Maldini also lent his expertise. Milan’s technical director gave lessons on body form in crucial defensive moments and anticipated the reaction of opposing forwards.
Never mind Cobham University, Tomori received a doctorate in defense from some of the best teachers in the world. No wonder he speaks with authority on the subject these days.
“When the ball is there, I have to be there,” he told the Daily Mail in April. “When the ball goes, I know I have to be two meters in that direction, or look for that particular player… OK, the ball is there, where is my teammate? Where is the opposition?

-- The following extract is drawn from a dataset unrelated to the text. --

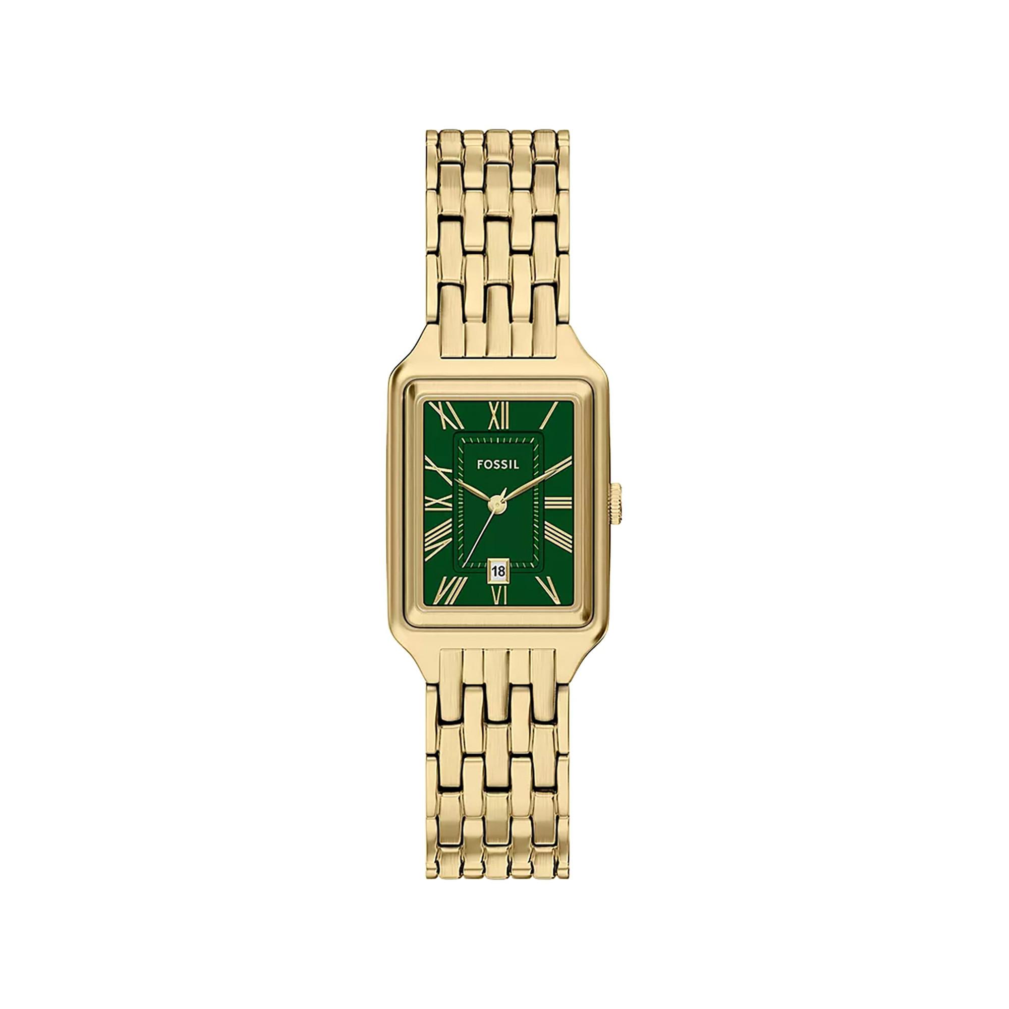 Das rechteckige, goldfarbene Edelstahlgehäuse geht nahtlos in das Band über und sorgt für ein elegantes, stimmiges Design. Das satingrüne Zifferblatt mit 3-Zeiger-Anzeige und Datumsfenster setzt einen raffinierten Farbakzent, während die Faltschliesse mit zwei Drückern für sicheren und bequemen Halt sorgt.

“If the ball goes over I need to be in a position where I can leave the striker and get there, but if the ball goes in the feet I’m able to go and press.”
It seems frenetic, revealing a profession that requires total concentration and where any slippage could prove costly. But Tomori is dedicated to his task and is a very ambitious individual who didn’t just fester on the bench at Stamford Bridge.
“I hope to become the strongest defender in Serie A,” he said recently. “I work every day to try to reach certain levels. The most important thing for me is to win with Milan.
He certainly filled in the last part, with the Scudetto tucked away in Milan’s trophy cabinet. And he is also on his way to becoming the best defender in Serie A.
That leaves only Southgate to win. But, with Tomori’s game improving significantly over 18 months in Italy, it seems like a matter of time before Tomori represents his country again.
The defender has won two England caps so far. Expect that total to swell over the next two years.